I am also not sure what to make of the couple’s endeavours; are they genuinely competent theatre-makers facing a night from hell, or hacks in cheap costumes transplanted from a Christopher Guest film? Are we meant to be rooting for the couple’s personal and professional success, or (in my case) hoping that Jo will take her Instagram followers, leave, and Eat, Pray, Love her way to happiness elsewhere? Who or what are we meant to be laughing at? Is this Macbeth actually meant to be good?

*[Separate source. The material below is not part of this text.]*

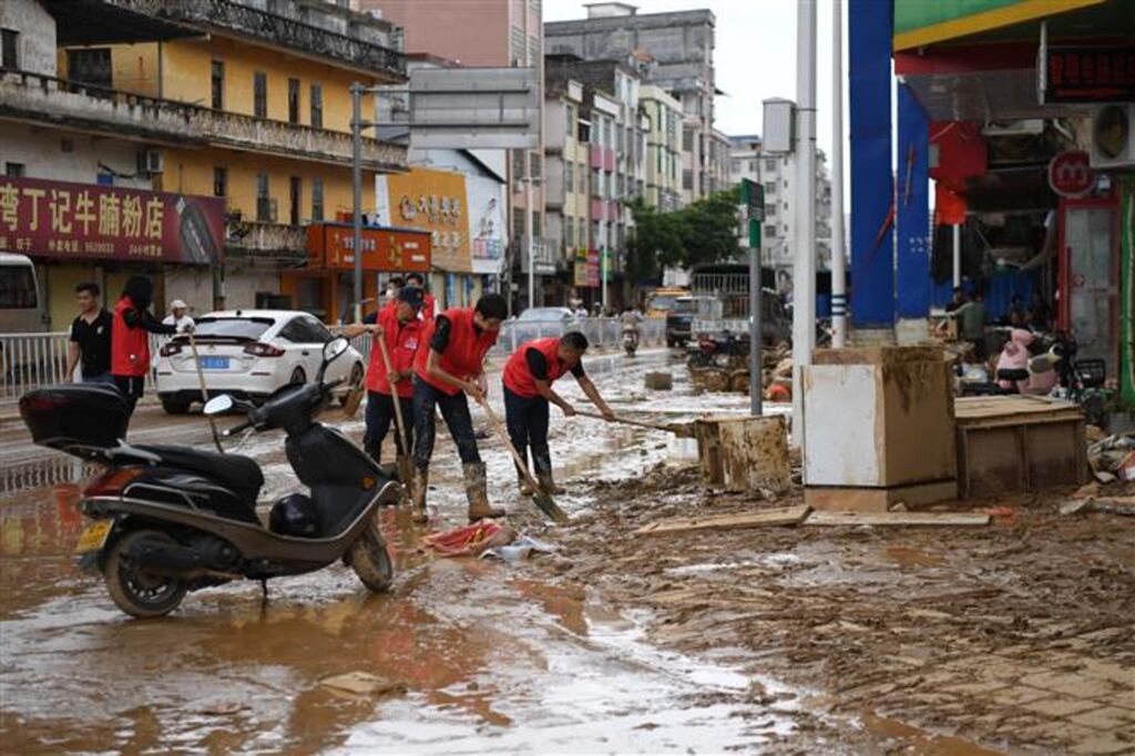 | Des volontaires balayent une rue après une crue à Guangdong, en Chine. |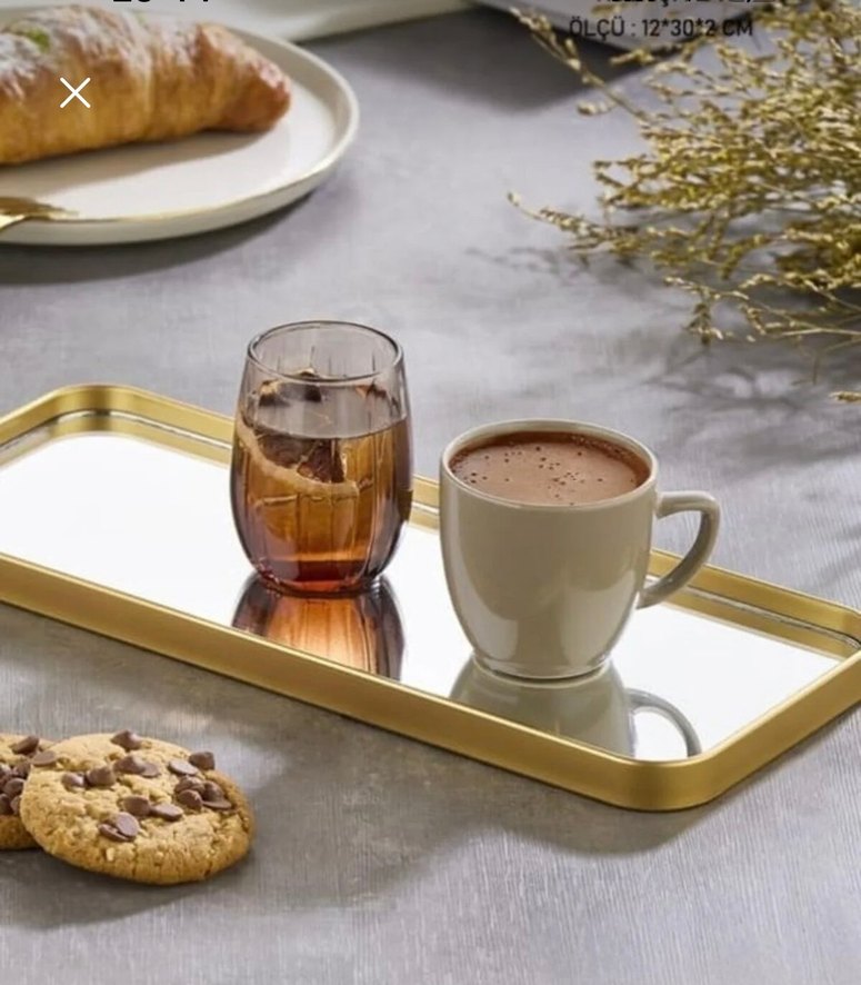 12x30 cm ölçüsünde parlak altın renk tepsi, içecek ve atıştırmalık servisinde kullanılır. Yansıtıcı yüzeyi ortamı şık gösterir. 1 Adet 150 2 Adet 250

Curiously, even though Cooper riffs on some of Macbeth‘s best-known characters and lines, few of these concerns map thematically onto Shakespeare’s play, even though I can see gestures towards its structure. Perhaps we’re seeing an inversion in which Macbeth’s vaulting ambition, stoked by Lady Macbeth, becomes Jo Macbeth’s ambition (and financial pragmatism), sabotaged meanly by Tom’s jealousy and weakness? I’m not sure.

It’s important to say a large portion of the audience have the time of their lives, having got what they paid for and then some. Thighs are slapped, eyes are wiped, punchlines are repeated. I get that the play isn’t for me, and that taste is subjective, and that’s fine too. It’s for the people behind me laughing with, not at, light misogyny, and finding joy in references to Cold Duck, neither of which would be out of place in a production written three or more decades ago. This is a play that will make some people very happy, and help pay for other plays. As for me, I leave feeling frustrated, icky, and honestly a little insulted.

That said, I would be quite keen to see the show’s dark twin. There’s an incisive backstage psychological thriller about a bitter power struggle and mutually-assured destruction hovering just under the surface of this script. I’d pay good money to see Hadlow and Macgregor in that.

Mr and Mrs Macbeth of Heathcote Valley Road plays at the Court Theatre until 22 June.